If I understand correctly, SailPoint doesn’t recommend the WebServices connector, they simply state that in theory, it should work. It seems to me that it’s actually Oracle that advises against it.
I have worked with a client that has the older version of the connector (Oracle Fusion HCM) which initially relied on /emps endpoint (employees endpoints) which was later soft deprecated.
Oracle silently started throttling the employees endpoints which caused various issues from no data to inconsistent data due to which the authoritative aggregation was ineffective and it had to be paused.

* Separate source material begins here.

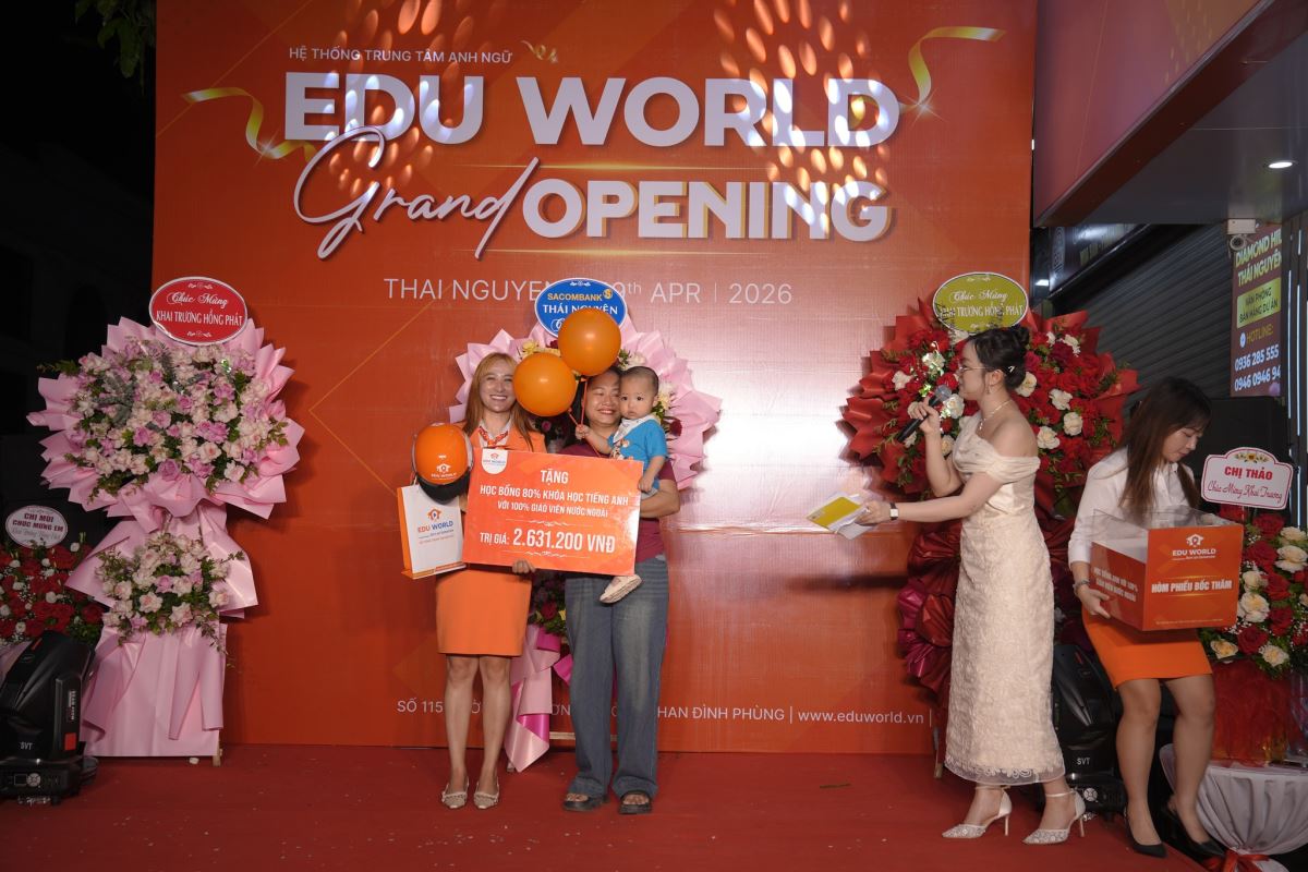 🌟 Lễ khai trương đã diễn ra thành công tốt đẹp, đánh dấu sự khởi đầu cho hành trình Edu World đồng hành cùng thế hệ học sinh Thái Nguyên trên con đường chinh phục tiếng Anh và hội nhập quốc tế. Edu World tin rằng, với nền tảng vững chắc và định hướng giáo dục hiện đại, mỗi học sinh sẽ được trao cơ hội phát triển tối đa tiềm năng của mình.

Later connector has been enhanced to use /workers endpoint (workers endpoint), our integration has been updated to use the workers endpoint, which resolved issues and even improved performance but it was short lived, the integration became unreliable again same as with the employees endpoint. We barely made the integration working while the newer connector (Oracle HCM Cloud) is made available, we have gotten an early efix for it, though it lacked the work_email, username write back functionality we have to move to that as the older connector was not at all reliable. After the switch, though it felt like a legacy version it worked reliably, we couldn’t say the same for the older connector.
So I would suggest that though it feels backwards the file based approach is reliable so go with it.
What we have done, as we have somewhat similar requirements as we need to manage non-workers too, we have scheduled the file extracts for every time our aggregation runs.
Few things to be aware of:
The documentation on sailpoint end of how to encrypt the files is incomplete at best, you need 2 pairs of keys, one from iiq, one from HCM: iiq pub key would encrypt the data, iiq priv key would decrypt it, hcm priv key would sign the file, hcm pub key would verify the file.
Make sure to add all the required attributes, and custom schema attributes should end with __c
Thank you very much for your feedback and for sharing your experience @BhuvaneshGeddam, it is very helpful. I’m marking your message as the solution because we’re moving towards that solution.